Suffering out of sight
The COVID-19 pandemic has left us with a thousand images of hidden suffering: behind face masks, behind pixellated screens, inside repurposed refrigerated trucks, beneath hazmat suits, and under white sheets on gurneys. Surely the most painful irony of this tragedy is that loved ones are unable to physically be with their family at the moment of bereavement. There is also the creeping dread of learning the reality of the pandemic’s toll on developing countries, hidden from us by geography, isolation and ethnocentric mainstream news. When will we see greater dissemination of images from non-western countries without the resources to carry out social distancing? How will we respond?

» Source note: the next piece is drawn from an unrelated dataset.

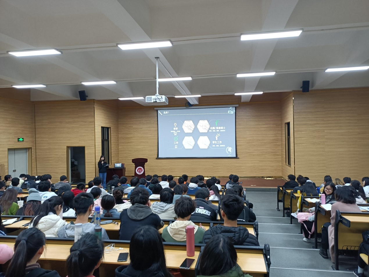 12月19日下午,猫都论坛 在科技南楼学术报告厅召开了2019级本科生年级大会。本次大会邀请了2017级保研学生代表黎芷茵、苏静怡,2019级本科生全体同学和辅导员万敏出席。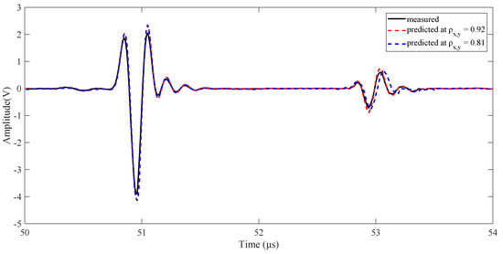 To further illustrate the matching process of the proposed method, Figure 4 indicates an experimental waveform and two predicted waveforms when are 5.74 and 5.85 mm, and their correlation coefficients are 0.92 and 0.81, respectively. One can see from Figure 4 that the predicted waveform matches with experimental waveform better when the correlation coefficient is bigger. Note that these two predicted waveforms are calculated using the same parameters with different angles of incidence (2° and 0°), which shows that it is necessary for the ultrasonic beam to radiate into the trailing arm at normal incidence.

Sheltering in place, the majority of Australians have had the luxury of becoming a little bored, perhaps. Maybe we’ve been drowning under the weight of home schooling and/or working from home. Perhaps we’ve never spent this much uninterrupted time with our immediate families! These are all valid experiences, and I am grateful to count them among mine, but an undertow exists – the feeling that something momentous has been occurring elsewhere, and occurring ‘right now’.
The continuing emergence of an extensive array of images – portraits of this time – will complete the picture for us all.